Sónar tem primeiro show em 3D, mas público se fixa mais na música

Na 1ª noite do festival, Kraftwerk lembrou futurismo dos anos 70; no ápice, Chromeo apostou no electrofunk

JOTABÊ MEDEIROS , ROBERTO NASCIMENTO, O Estado de S.Paulo

13 de maio de 2012 | 03h04

Às 23h30 de sexta-feira, o Kraftwerk subiu ao palco na primeira noite do Sónar - Festival Internacional de Música Avançada e Arte New Media, no galpão de exposições do Anhembi, com seus uniformes fosforescentes que lembram o futuro do filme Tron (1982), primeira animação da era pré-computadorizada. Mais de 15 mil pessoas com óculos testemunharam o primeiro show em 3D no Brasil.

A banda alemã abriu com (We Are) The Robots, cartão de apresentação de um tempo de euforia espacial, em que eles foram os primeiros, na música, a enxergar com os óculos da antiutopia. Após uma hora de show, muitos assistiam sem os óculos, interessados mais na música que nas projeções. Um lugar menor talvez potencializasse os efeitos (a banda fez isso em Nova York, no Museu de Arte Moderna, MoMA, com grande impacto).

Radioatividade, desumanização, Hiroshima, Fukushima, alimentação artificial, transgênicos, o carro ocupando o lugar do homem: tudo já tinha sido advertido pelo Kraftwerk em finais dos anos 1960, início dos anos 1970. Foram os primeiros a buscar o som de uma voz humana engolida pela máquina. Ao lado de Stanley Kubrick com o filme 2001, Uma Odisseia no Espaço, eles denunciaram que o mistério não estava no monolito da tecnologia, mas na própria natureza humana.

Não se trata apenas de banda pop, mas funcionam como tal, porque ao longo do seu percurso os alemães institucionalizaram a dance music e foram responsáveis pelo surgimento de bandas como Human League, Depeche Mode, New Order, entre outros filhos do synth-pop.
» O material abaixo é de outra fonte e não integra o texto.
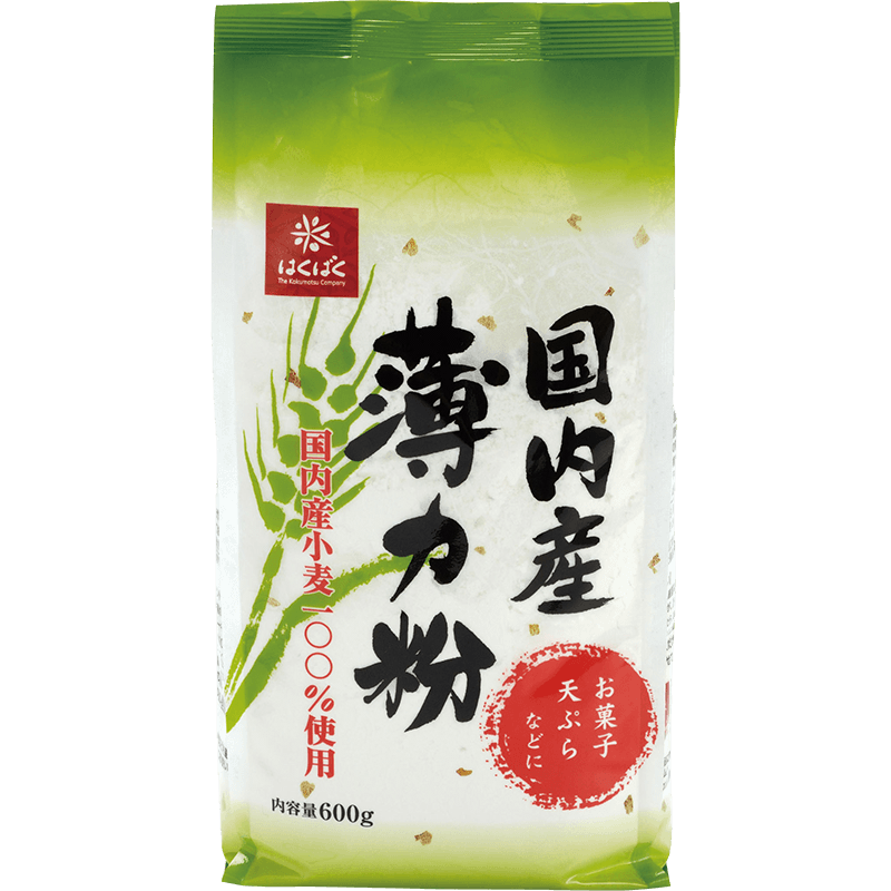 国内産小麦のみを使用した薄力粉です。漂白剤や添加物が入っていないので自然な色をした小麦粉です。粒度が細いのが特徴で、きめの細かいスポンジケーキやふっくらとしたボリュームのあるお菓子が焼きあがります。また、国内産薄力粉は外国産のものに比べて澱粉質が柔らかいため天ぷらがサクッとお菓子がソフトに仕上がります。自然の味わい、風味豊かな香りをお楽しみください。
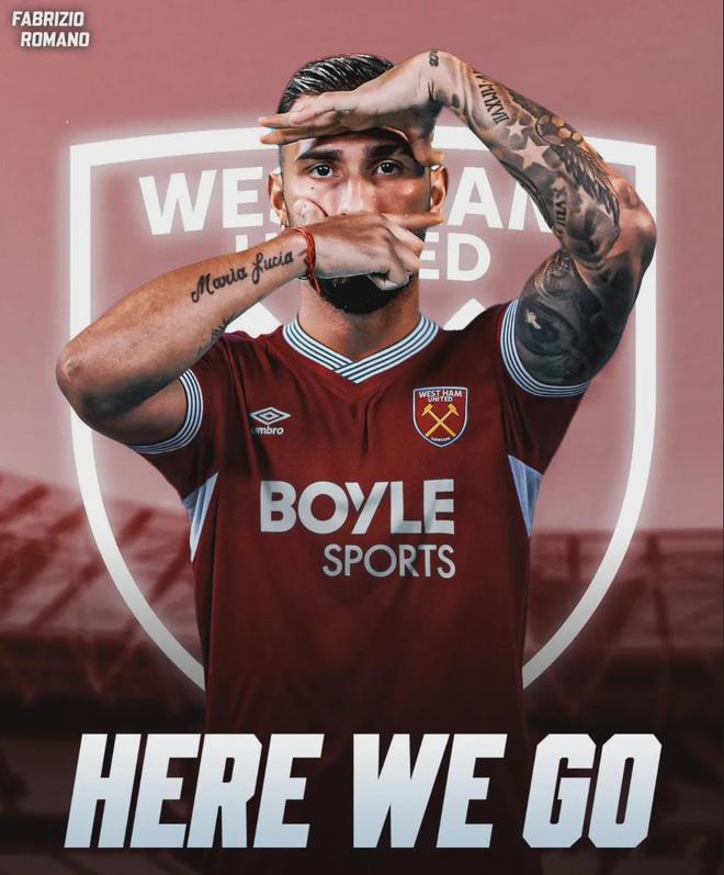 罗马诺发推:塔蒂-卡斯特利亚诺斯即将加盟西汉姆,here we go!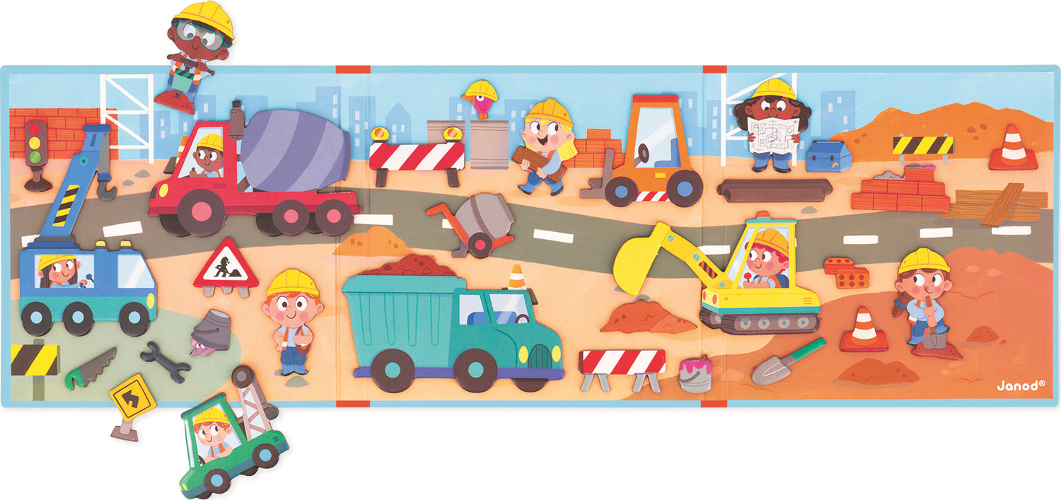 Open this book to delve into a big construction site! Watch out! Hot load coming through! The cement mixer is on the move and the jackhammer isn't far behind. Luckily, the architect is there to help organize the chaos! With the magnetic backdrop and 30 magnets, your child will be able to bring both the characters and vehicles to life to ensure that progress is being made on this building site. Magnetic toy made from FSCTM cardboard. Toy for children aged 3 and up.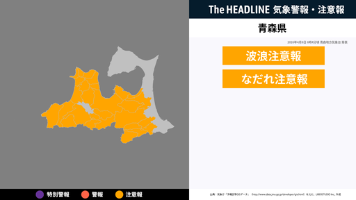 4月8日6時4分頃、青森県に波浪注意報・なだれ注意報が発表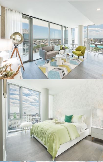 公寓内附超现代感精装修:落地窗全面玻璃设计,意大利定制精品橱柜,德国顶级厨房家电,一体化中央冷暖气,智能温度调节仪,每个公寓都享有风景绝佳,面朝曼哈顿的超大阳台。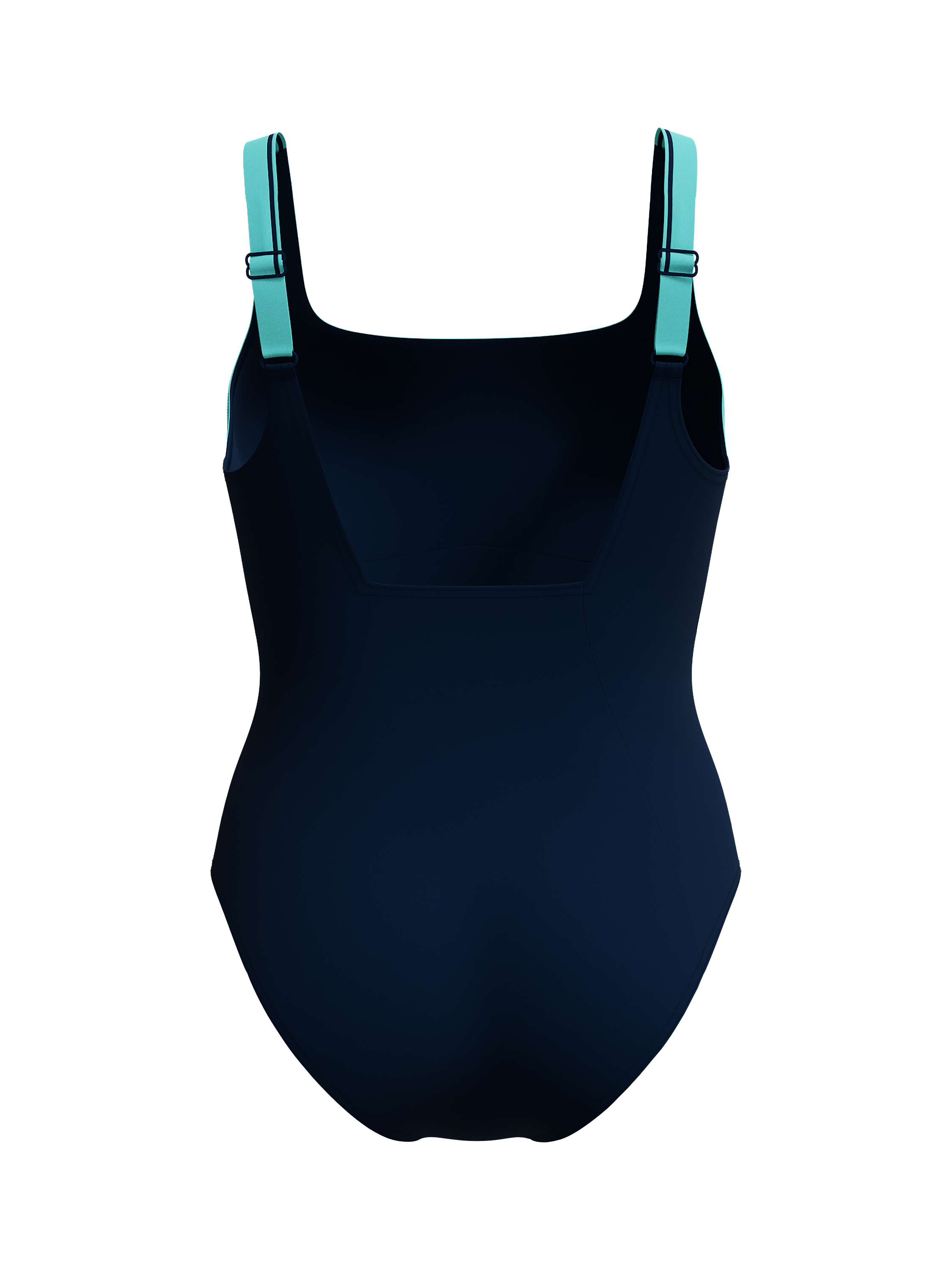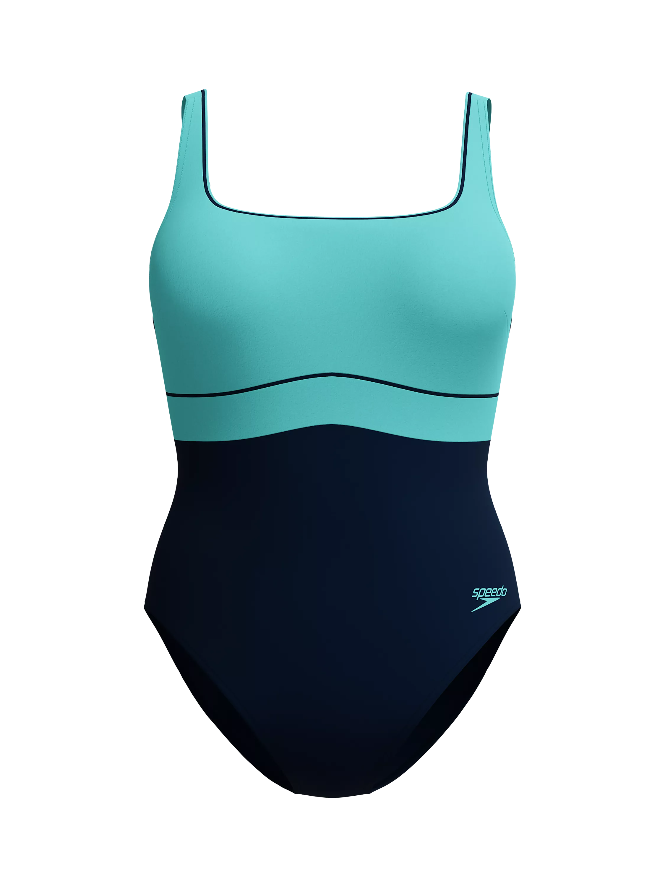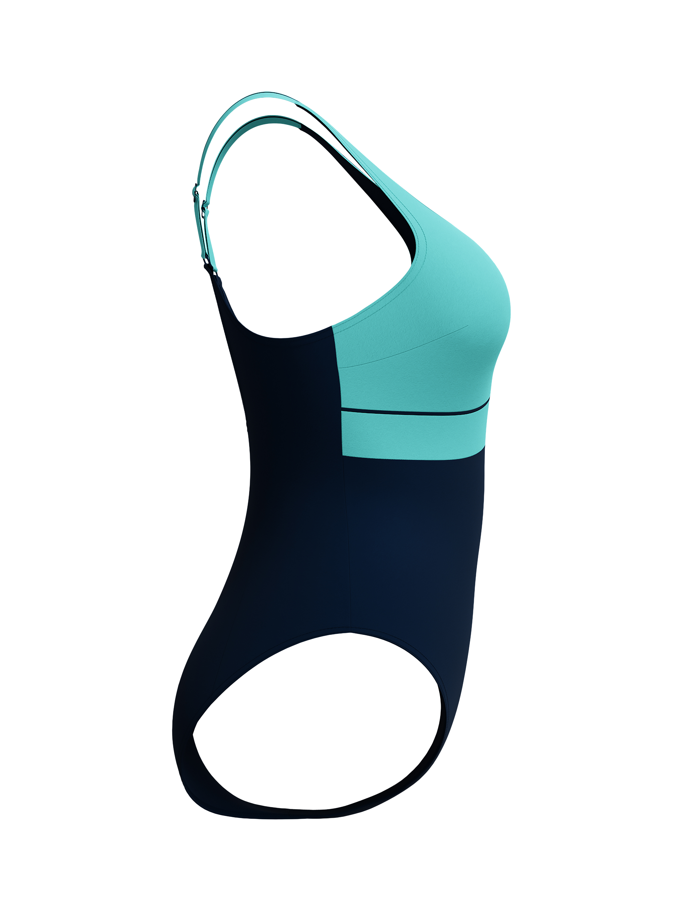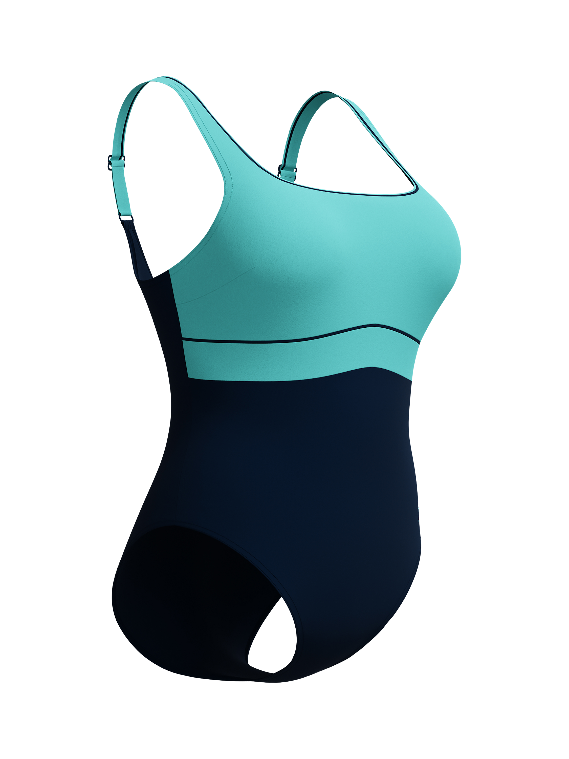 - The colour-block design of the ContourEclipse swimsuit draws the eye upwards to flatter your shape

Curioso que a banda proibiu fotógrafos profissionais de registrarem seu show - todo mundo hoje fotografa e grava com celulares. O protótipo de um desktop antigo surgia na tela durante a música Computer World, enquanto o público, com Ipads e celulares, filmava o show, num choque proposital entre obsolescência e atualização tecnológica.

Ao se despedirem, saindo um de cada vez, ao som de Music Non Stop, era como se ficasse um grande vazio no espaço, um vazio que nem toda a música que o Sónar projetasse para as próximas horas, os próximos dias, pudesse preencher.

Expo moderna. A noite de anteontem seguiu para uma mistura bipolar de agressividade e contemplação. Criolo e James Blake faziam soul contemporâneo. O rapper MF Doom destilava rimas nervosas. Foi quando o DJ escocês Hudson Mohawke subiu ao palco principal e, com ecos de hip hop sulista, incitou a sensualidade. A música era lenta, viscosa, grave e variava apenas para construir tensão e desferir o pancadão perverso. Sirenes davam urgência marcial às faixas - sensação ampliada pela clássica bateria eletrônica TR-808. O tom bélico de uma corneta militar wagneriana levou o público ao delírio, e o Mohawke tocou o único hit de seu set, a doce Genesis, da cantora Grimes.

Depois foi a vez do Chromeo levar a noite ao ápice. Na frente de duas mesas de som sustentadas por sensuais pernas de plástico, Dave 1 e P-Thugg não fizeram nada refinado. Só electrofunk com refrões contagiantes, em sequência compacta para tirar a pista do chão - feijão com arroz que faltava ao festival.

Meio armazém, meio salão do automóvel, o Anhembi lembrava um shopping japonês em sua vibração digital. Havia grama sintética num dos palcos e telões com videogames em outro saguão. Parecia uma expo de música eletrônica contemporânea. Apesar de o acesso entre um palco e outro ficar congestionado, havia amplo espaço no palco principal com área de descanso. Comes e bebes na faixa de preço de outros festivais: R$7 a cerveja; R$ 10 a pizza. Havia banheiros em quantidade suficiente, mas longe dos palcos, especialmente do palco principal, e as diversas locações estavam mal sinalizadas.